Zdenek, any progress with this fix?
I am sorry for the delay, I'll take a look this week.
I've submitted a Fedora PR to address the issue: https://github.com/fedora-selinux/selinux-policy/pull/1859 The boolean name is sssd_use_usb
Thank you. I submitted FreeIPA PR to get support for it: https://github.com/freeipa/freeipa/pull/6978
(In reply to Alexander Bokovoy from comment #8) > Thank you. I submitted FreeIPA PR to get support for it: > https://github.com/freeipa/freeipa/pull/6978 This PR looks good as far as I am able to assess.
FEDORA-2023-b5926774b7 has been submitted as an update to Fedora 39. https://bodhi.fedoraproject.org/updates/FEDORA-2023-b5926774b7
FEDORA-2023-b5926774b7 has been pushed to the Fedora 39 testing repository.

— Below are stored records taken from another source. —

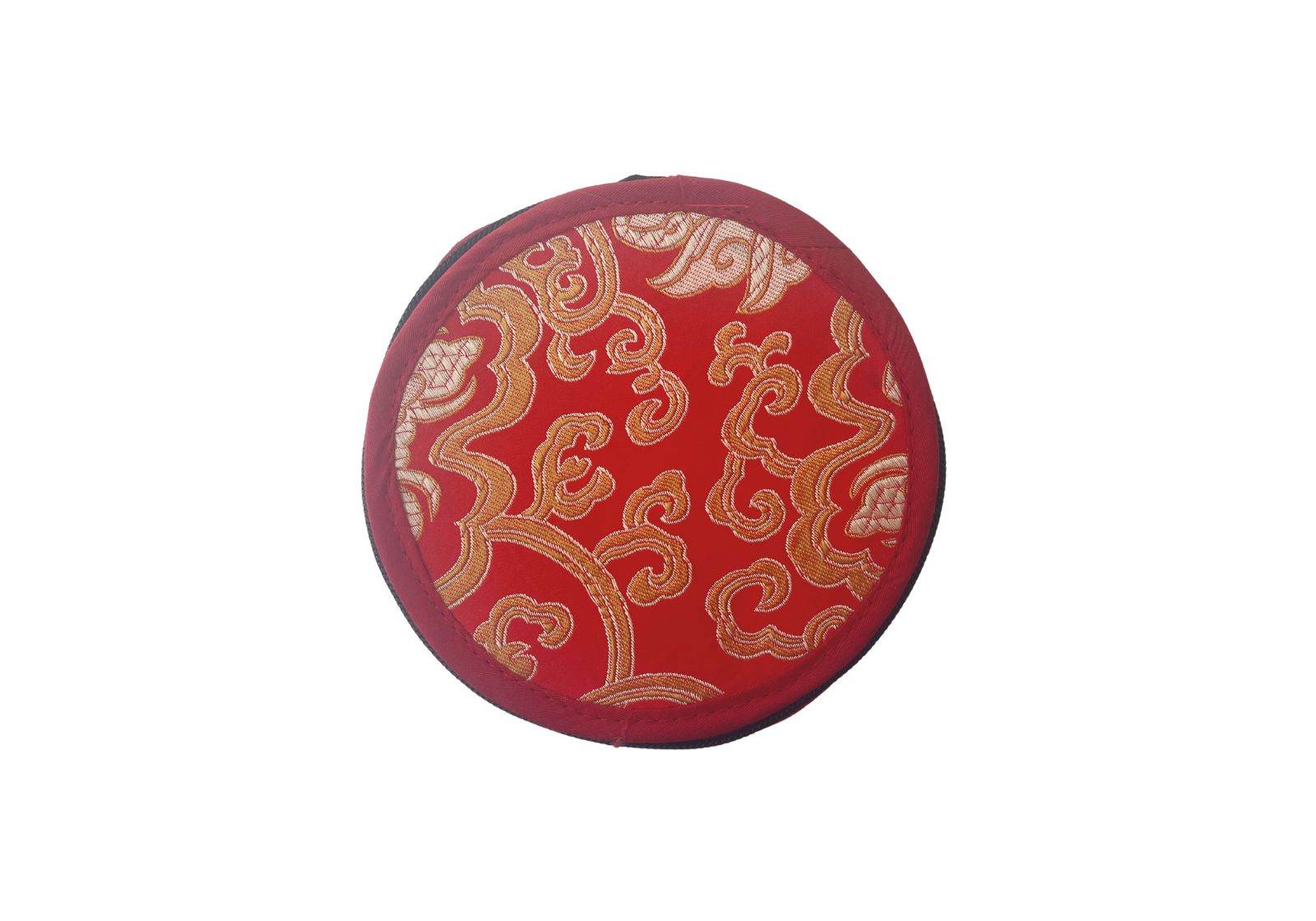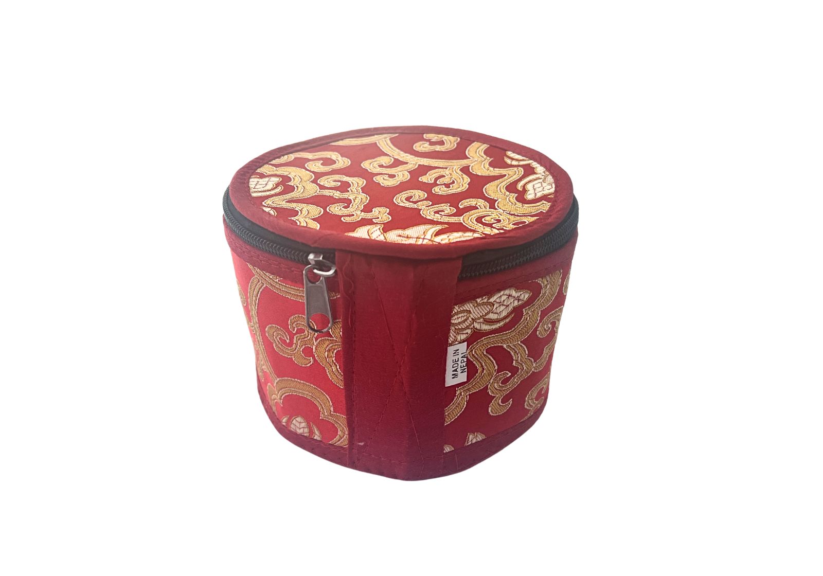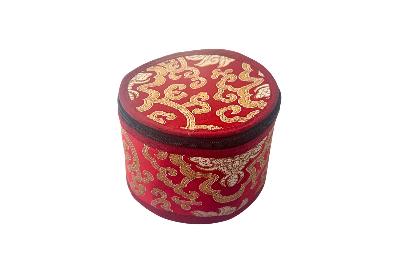 Парчовый бокс диаметром 14 см и высотой 10 см – это идеальное решение для безопасного хранения и транспортировки поющих чаш. Изготовлен из плотной ткани с традиционными узорами в стиле Тибета, он не только защищает чашу от повреждений, но и добавляет сакральной атмосферы к вашей практике.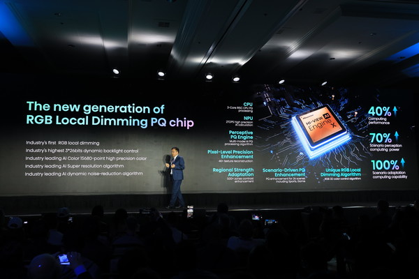 该电视同时搭载了海信自主研发的最新一代信芯AI画质芯片,这是全球首款RGB光色同控画质芯片。它解决了光色同控的难题,感知场景计算能力也增强了70%,支持更复杂的高精度控色需求。此外,海信还开发了一套RGB三维控色芯片控制系统,确保背光数据极速传输,达到背光与图像的极限同步。
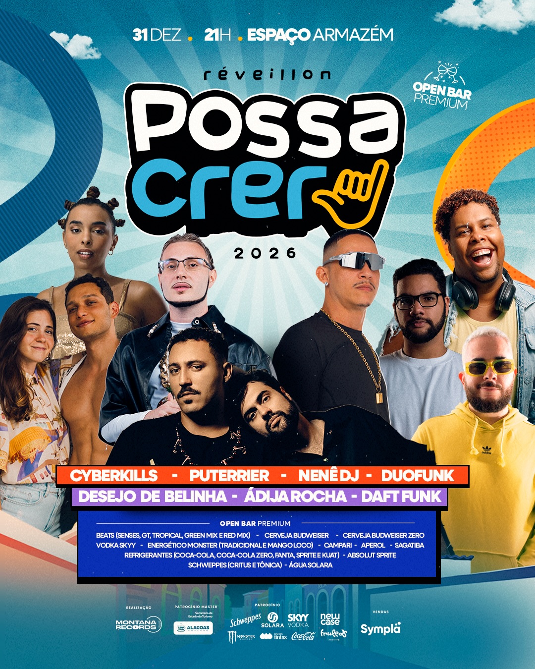 O Réveillon Possa Crer chega à sua quarta edição consolidado como o maior réveillon alternativo de Alagoas e, em 2026, reforça seu principal diferencial: um line-up diverso, potente e representativo de diferentes cenas musicais. A virada acontece no Espaço Armazém, Jaraguá, a partir das 21h do dia 31 de dezembro, totalizando dez horas de festa.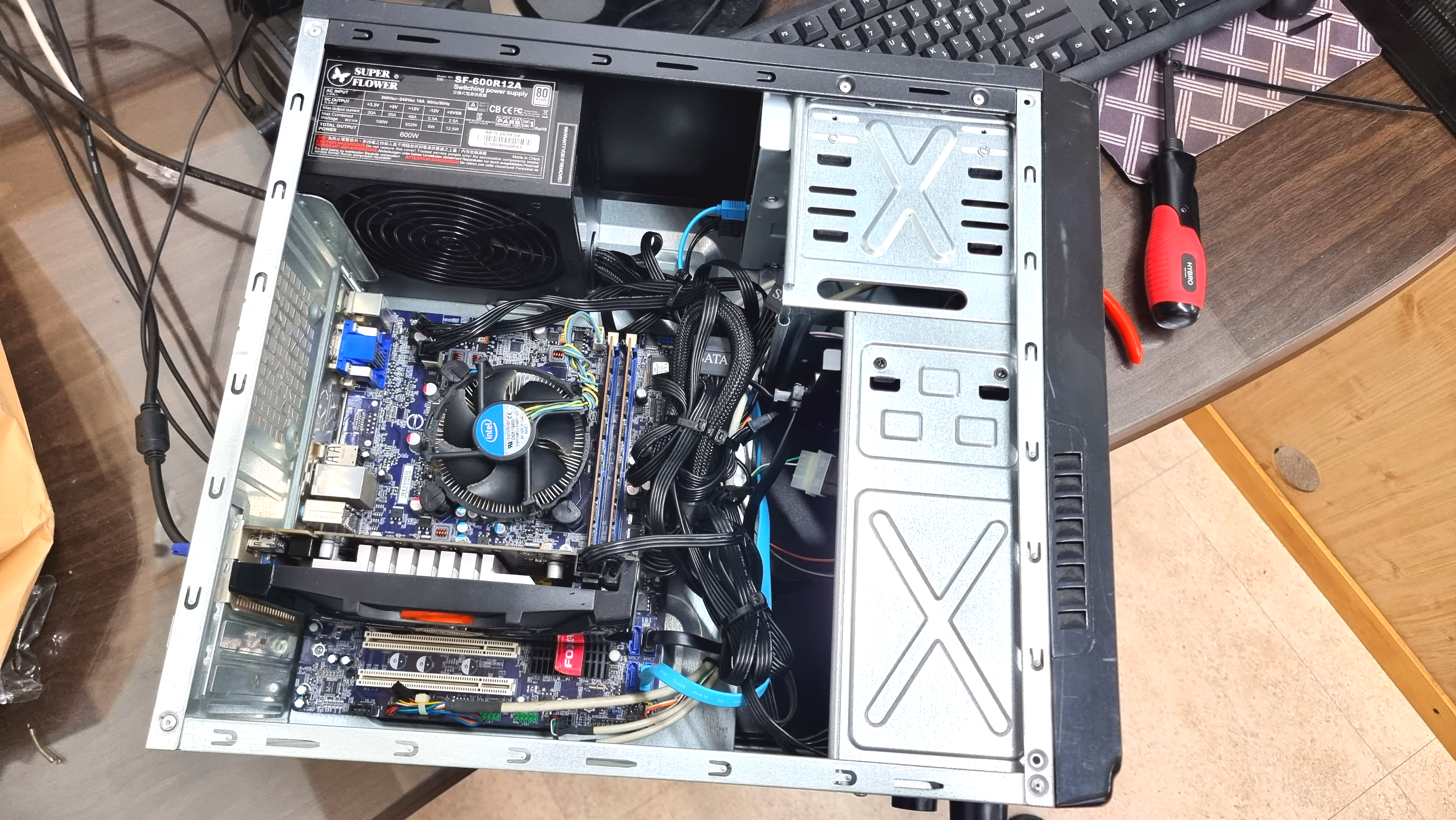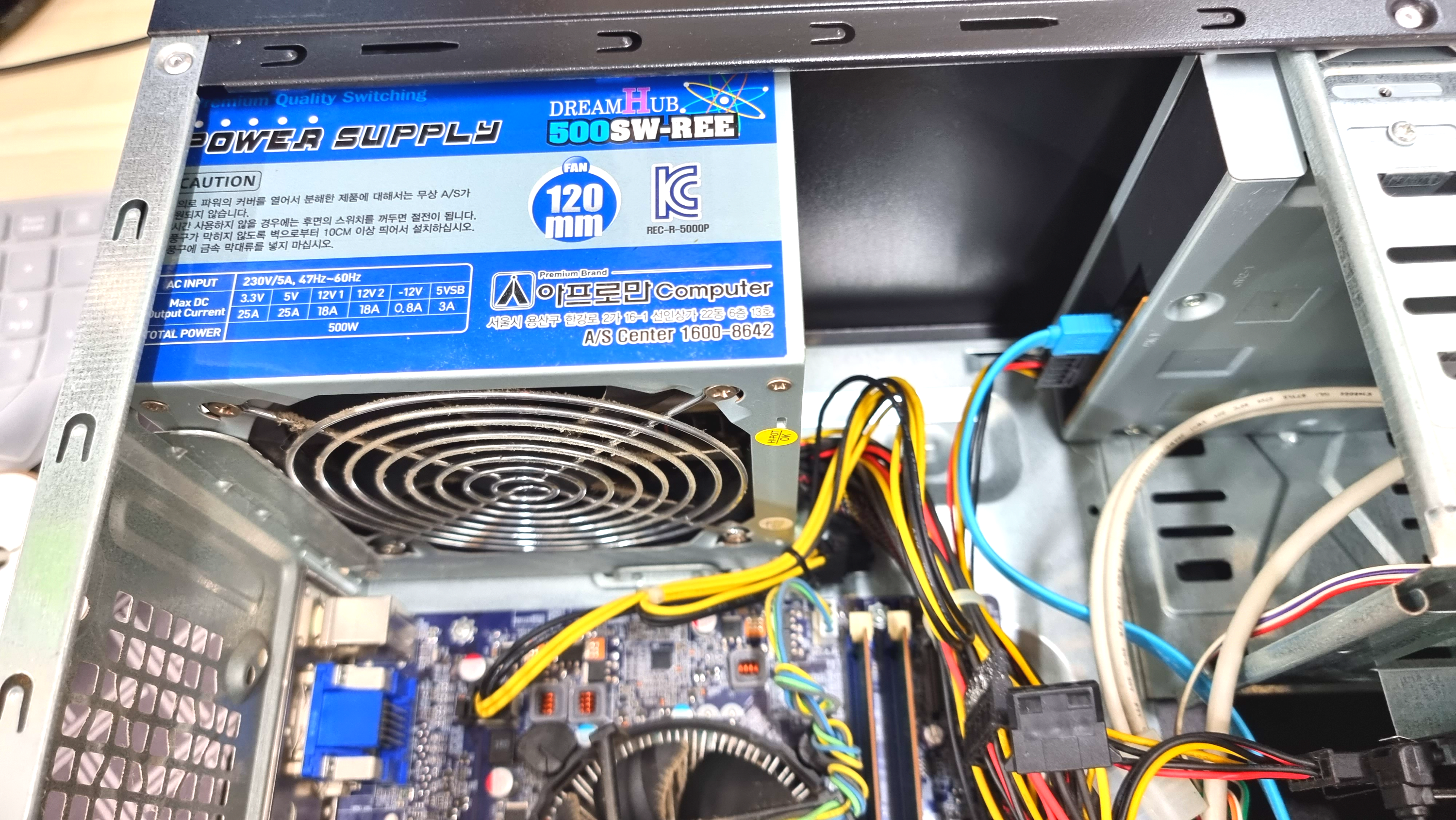 컴퓨터 내부를 보니 오래된 파워가 보입니다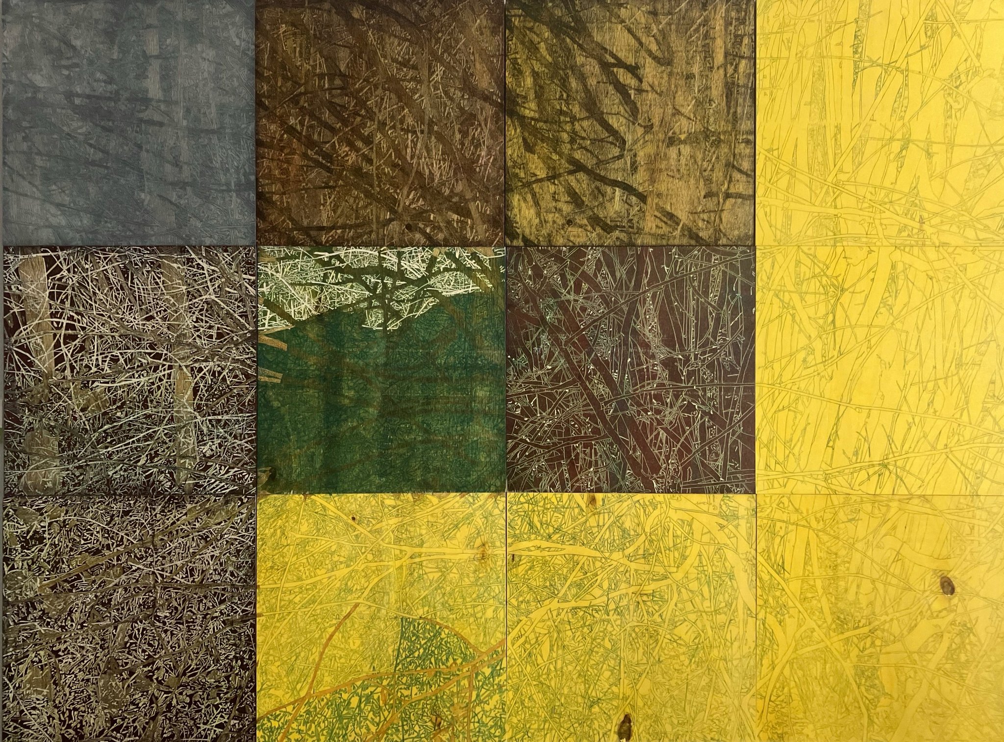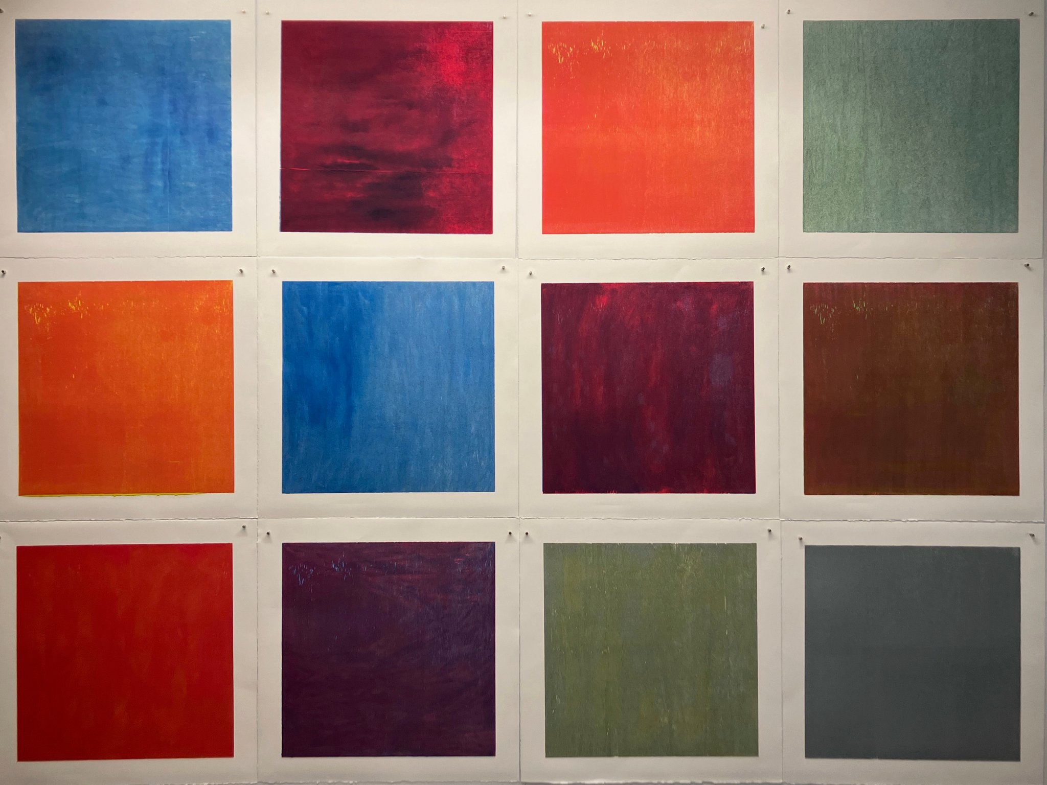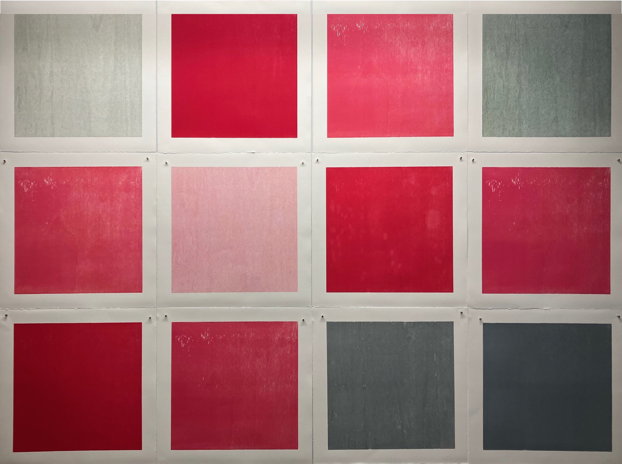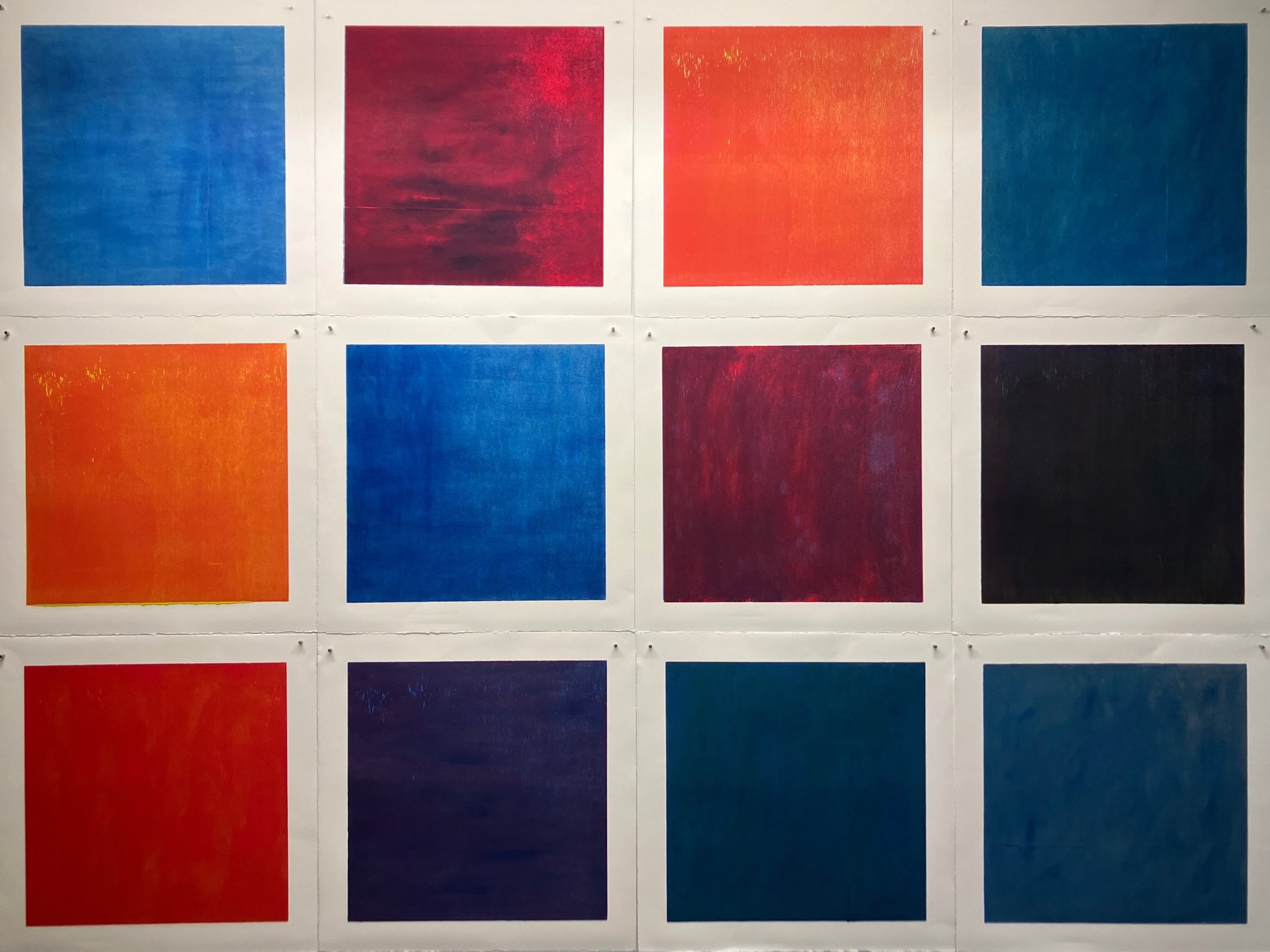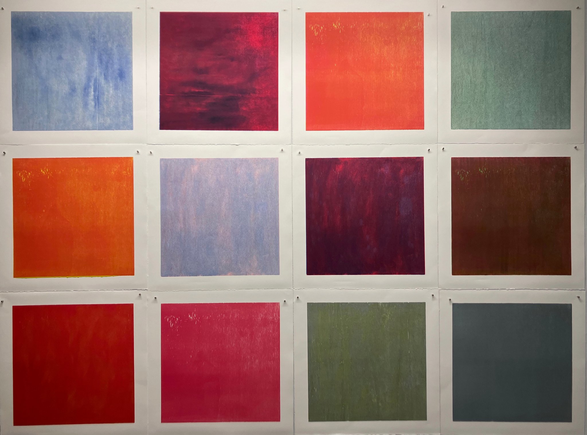Originaldruckgrafiken, 12 Einzelblätter, handgedruckt auf Büttenpapier, 24 Druckstöcke, mehrfarbig, auf Leinwand aufgezogen, 160 x 120 cm, Unikate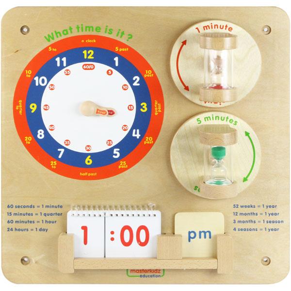 The clock at the centre of the Time Learning Board has hands that can be turned to show any time of day but as you move the second hand the hour hand moves as a normal clock. In this way the time appears correctly. A flip book can be used to confirm the time or to set a challenge “can you show 3 o’clock” for example? For more advanced children, there is a separate block depicting am and pm too. Two sand timers can be flipped on the board to visually show the passage of 1 minute and 3 minutes too.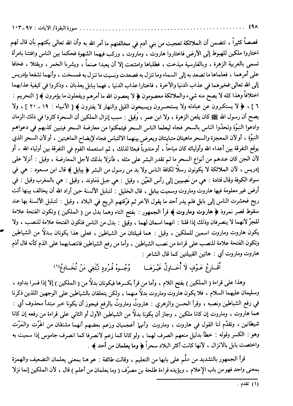 قصصاً كثيراً ، تتضمن : أن الملائكة تعجبت من بني آدم في مخالفتهم ما أمر الله به ، وأن الله تعالى بكتهم ، بأن قال لهم : اختاروا ملكين للهبوط إلى الأرض ، فاختاروا هاروت وماروت ، وركب فيهما الشهوة ، فحكما بين الناس ، وافتتنا بامرأة ، تسمى بالعربية الزهرة ، وبالفارسية ميذخت ، فطلباها وامتنعت ، إلا أن يعبدا صنماً ، ويشربا الخمر ويقتلا . فخافا على مرهما ، فعلماها ما تصعد به إلى السماء وما تنزل به ، فصعدت ونسيت ما تنزل به ، فمسخت . وأنهما تشفعا بإدريس إلى الله تعالى ، فخيرهما في عذاب الدنيا والآخرة ، فاختارا عذاب الدنيا ، فهما ببابل يعذبان . وذكروا في كيفية عذابهما اختلافاً . وهذا كله لا يصح منه شيء . والملائكة معصومون ، ( لاَّ يَعْصُونَ اللَّهَ مَا أَمَرَهُمْ وَيَفْعَلُونَ مَا يُؤْمَرُونَ ( ، ( لاَ يَسْتَكْبِرُونَ عَنْ عِبَادَتِهِ وَلاَ يَسْتَحْسِرُونَ ( ، ( يُسَبّحُونَ الْلَّيْلَ وَالنَّهَارَ لاَ يَفْتُرُونَ ). ولا يصح أن رسول الله ( صلى الله عليه وسلم ) ) كان يلعن الزهرة ولا ابن عمر . وقيل : سبب إنزال الملكين : أن السحرة كثروا في ذلك الزمان ، وادعوا النبوّة ، وتحدّوا الناس بالسخر . فجاء ليعلما الناس السحر ، فيتمكنوا من معاوضة السحر ، فيتبين كذبهم في دعواهم النبوّة ، أو لأن المعجزة والسحر ماهيتان متباينتان ، ويعرض بينهما الالتباس . فجاء الإيضاح الماهيتين ، أو لأن السحر الذي يوقع التفرقة بين أعداء الله وأوليائه كان مباحاً ، أو مندوباً ، فبعثا لذلك ، ثم استعمله القوم في التفرقة بين أولياء الله . أو لأن الجن كان عندهم من أنواع السحر ما لم تقدر البشر على مثله ، فأنزلا بذلك لأجل المعارضة . وقيل : أنزلا على إدريس ، لأن الملائكة لا يكونون رسلاً لكافة الناس ، ولا بد من رسول من البشر .

Soon you'll be able to install the update with the following command: `sudo dnf upgrade --enablerepo=updates-testing --refresh --advisory=FEDORA-2023-b5926774b7` You can provide feedback for this update here: https://bodhi.fedoraproject.org/updates/FEDORA-2023-b5926774b7 See also https://fedoraproject.org/wiki/QA:Updates_Testing for more information on how to test updates.
FEDORA-2023-b5926774b7 has been pushed to the Fedora 39 stable repository. If problem still persists, please make note of it in this bug report.